Happy birthday to Democrats Barack Obama and Andrew Bartlett. Starting new projects might seem like a crap idea, but it's a great week to relaunch, despite potential change fatigue. If the political career doesn't work out you can always find a place in community radio.

Virgo

It can be tempting to prove you can handle anything that life throws at you. Pride might wear a tough baseball glove but you'll have a busy week if you spend it playing catch. Sometimes it is easier just to duck and let stuff sail over your head.

Libra

Mary Poppins may have been insufferably cheerful, but at least she knew how to land gracefully. Take your cues from Libran Julie Andrews this week and don't forget to open the umbrella as you come down to Earth. Feel free to sing in mockney* while you're at it. (*faux cockney)

Scorpio

The focus is on networks this week but try and avoid playing political games. Compare the experiences of Scorpios Hilary Clinton and Condoleezza Rice. If you know when you're beaten, you can come back for another round. If you fight to the death, you die.

Sagittarius

Fire danger is unseasonably high. There's a good chance you'll fall in love this week, but it's more likely to be with an inanimate object than a flesh-and-bone human being.
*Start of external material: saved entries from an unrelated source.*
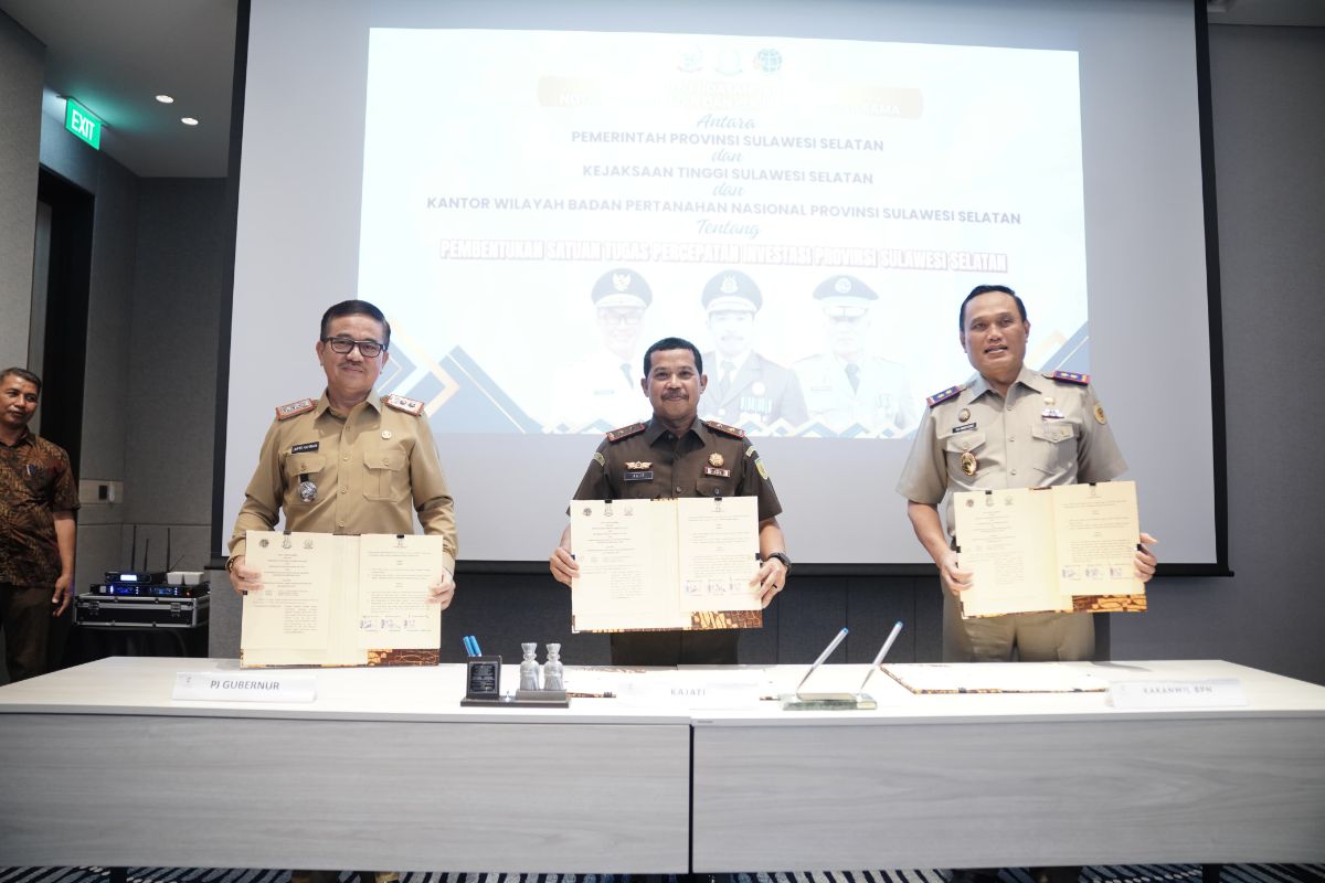 Bentuk Satgas Percepatan Investasi Bersama Kejati dan BPN Sulsel, Sekda Optimistis Realisasi Investasi Sulsel akan Meningkat
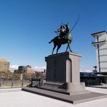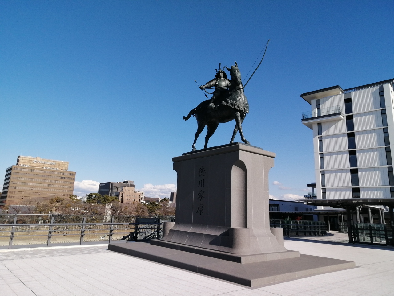 名鉄東岡崎駅から乙川沿いにある商業施設「OTOリバーサイドテラス」通ずるウォークデッキ上に建っています。台座の上の見事な騎馬像が青空に映えます。2019年11月に完成。像のサイズは高さ5.3mで騎馬像としては日本最大級とか。岡崎公園内にある家康像とは対照的に若々しい姿をしています。松平から徳川に改姓した25歳当時の姿のようです。
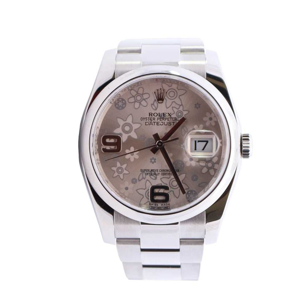 Rolex Datejust Stainless Steel 36mm Silver Floral Dial Watch Reference #: 116200
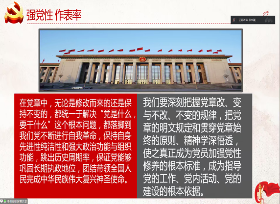 在心得分享环节,三位党员代表分享了自己的学习感悟。潘若颖同志结合自身情况,从党的理论制度创新、国家事业发展概况、党建新征程三个方面,分享了党的二十大对党章进行修改的理论与现实意义。李书凝同志从所学专业的角度,发表了对党章修改内容的见解,认为学生党员在不断提升自我修养和专业学识的同时,还要积极投身到教书育人中去,加强对中小学生“爱国主义”的教育。方雨婷同志重点分享了百年来党章的发展历程,强调学生党员要自觉学习党章,将新党章中的各项规定要求落实到行动上、体现在工作中,作为一名即将踏上社会的“新闻人”,应主动向身边的优秀党员学习,为建设新时代全媒体人才做出应有的贡献。

Who cares if your affection for hatstands and letterboxes is unrequited. All love is an act of the imagination anyway.

Capricorn

The villains in this story are going to show themselves, but don't expect any comic-book revelations - no masks whipped off to expose the cross-eyed, misanthropic scientist who was booted out of the academy. Instead you'll find the old dichotomies no longer apply.

Aquarius

Slow down Aquarius - what's the hurry? I know you have a big, bright future ahead of you but that's no reason to hurtle into it at breakneck speed. Remember that on life's road, there's always time to stop and complain about petrol prices.

Pisces

You'll be having some vicious dreams this week and may be tempted to beat yourself up. What's worse, your pain threshold is even lower than usual. Fortunately you simply won't have the energy to throw punches at anyone, least of all yourself.

Aries

There's a lot of hard labour in your week. Try not to look at it as a bad thing. Take pleasure in the process. And concentrate on what you're doing, because I'll bet a significant proportion of workplace accidents are caused by daydreaming about where you'd rather be.

Taurus

A recent British study found that nine out of ten children could identify Yoda but only a third could pick a magpie out of a line-up. Perhaps the country is more likely to be invaded by extraterrestrials than wildlife, but I still think you should get to know your local environment a little better.

Gemini

With Mercury at home you should be firing on all cylinders, but your domestic life is going to suffer. Laundry day comes and goes while you plot the feature film. Don't apply for any funding yet, but you might like to consider taking a wife.

Cancer

There are 24 weeks to go in the George Bush Out of Office Countdown. It's just enough time for him to start developing convenient Reaganistic afflictions of the memory. I'm suggesting you stop pacing like a trapped animal and start plotting your way out of this mess.